Una investigación identifica los patrones de seguimiento de las recomendaciones en la red

Los jóvenes son más influenciables y las mujeres que los hombres

Las personas casadas son las mas difíciles de convencer

 
A. R. – 21 JUN 2012
 

Modas, corrientes de opinión, aficiones, productos favoritos o gustos fluyen por las redes sociales constantemente. La opinión o las elecciones de unos individuos tienden a ser dominantes sobre otros que son más susceptibles de seguir los consejos o sugerencias que reciben en la cibercomunidad. Para precisar un poco qué tipo de personas suelen influir y qué tipo tiende a ser influida, dos investigadores de la Universidad de Nueva York han realizado un experimento extenso en Facebook, con una muestra de 1,3 millones de usuarios. Sus resultados indican que los mayores de 30 años son más influyentes que los jóvenes, las mujeres tienden a influir más en los hombres que en otras mujeres y los casados son los menos susceptibles de adoptar las sugerencias que reciben.

Para hacer el experimento en el que han medido la influencia y la susceptibilidad a la influencia, Sinan Aral y Dylan Walker han utilizado una aplicación (app) que permite a los usuarios de Facebook intercambiar información y opiniones sobre películas, actores directores y la industria cinematográfica, explican ellos en la revista Science. El estudio se basa en hacer el seguimiento (mediante una notificación automática) de las personas, elegidas al azar, que se descargan y utilizan la app cuando después de que alguien de su grupo de amigos haya empezado a hacerlo. El experimento se ha realizado durante 44 días con 7.730 usuarios que adoptaron la aplicación y enviaron 41.686 notificaciones automáticas a usuarios elegidos al azar entre sus 1,3 millones de amigos.

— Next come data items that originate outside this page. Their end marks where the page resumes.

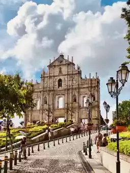 🕍 Ruins of St. Paul's in Macau. This used to be the largest church in Asia. It is another popular check-in spot for tourists when they come. 🌼 Its architecture is a mix of Eastern and Western cultures. It is beautiful. The last time we went, it was closed for renovation. There was a canvas covering the front, so we couldn't go up close. What a shame. Has anyone been there? What's inside? Come talk to us or recommend places to visit.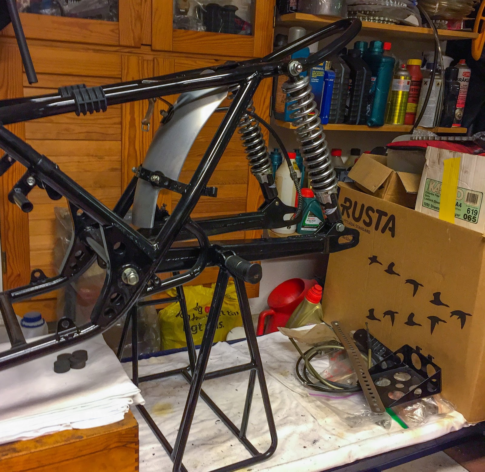 Right here it’s on the bike. I had it on and off about 3 times earlier than realizing I had all of it incorrect anyway… The brake resting level adjusting screw shall be inserted the opposite method round first with the locking nut on high of the body bracket earlier than placing the foot peg on. I´ll repair this later… Subsequent up was the entrance fender mounting!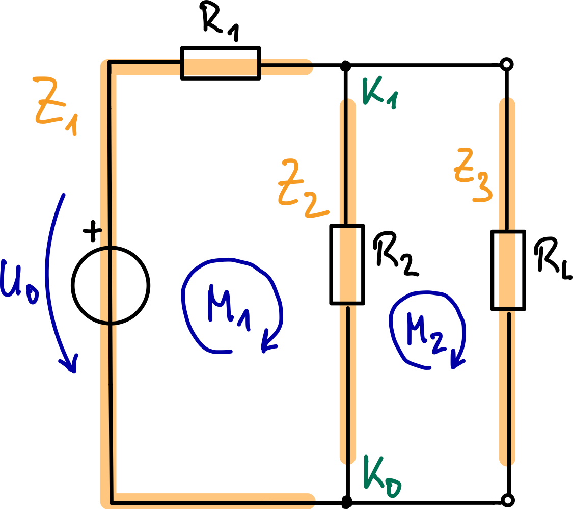 Die Spannungsquelle liegt in Reihe mit und bildet zusammen einen Zweig. Alternativ könnte man sie als separaten Zweig zählen, was zu , , führt – das Ergebnis für bleibt gleich.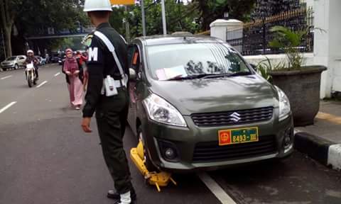 Keren, mobil dinas TNI digembok karena parkir sembarangan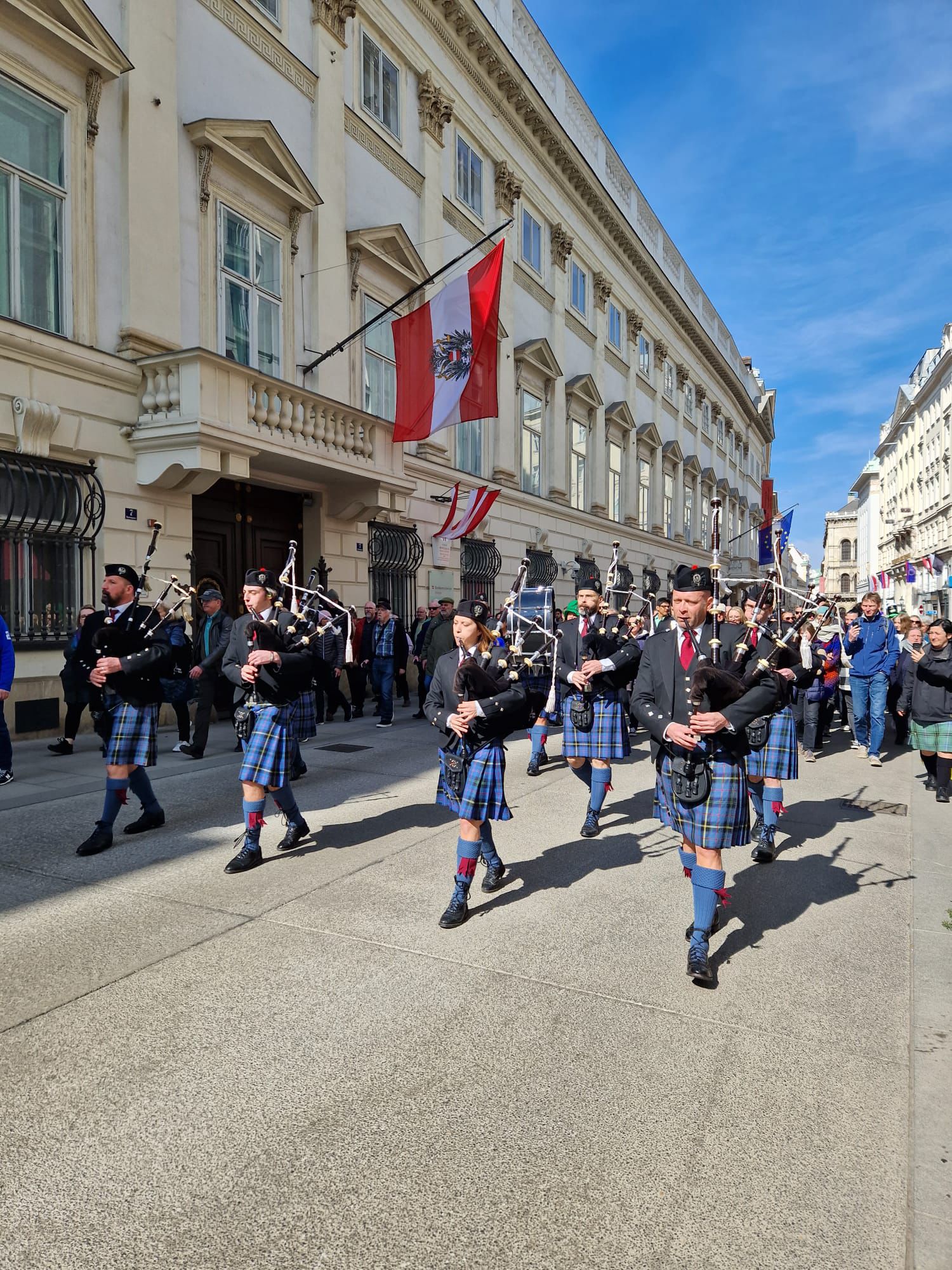 St. Patrick’s Day in Vienna is always one of the highlights of our year — and we would love to see you there. Come along, enjoy the atmosphere, and cheer us on as we bring the sound of the pipes to the heart of the city! 🍀🥁🎶

Los investigadores midieron la influencia contando si un usuario utilizó o no la aplicación tras recibir el mensaje sobre ella. El análisis de datos permitió trazar los perfiles de influencia y susceptibilidad a ser influido y los rasgos generales que emergen del comportamiento de la población del estudio. Otro resultado que destacan Aral y Walker es que la gente tiende a ser o influyente o influenciable, es decir, que no suelen coincidir ambas características. Así, los individuos cuyas decisiones, opciones o ideas tienden a difundirse al ser adoptadas por otras personas, no suelen ser susceptibles a las propuestas de los demás, mientras que los influenciables no suelen ser influyentes.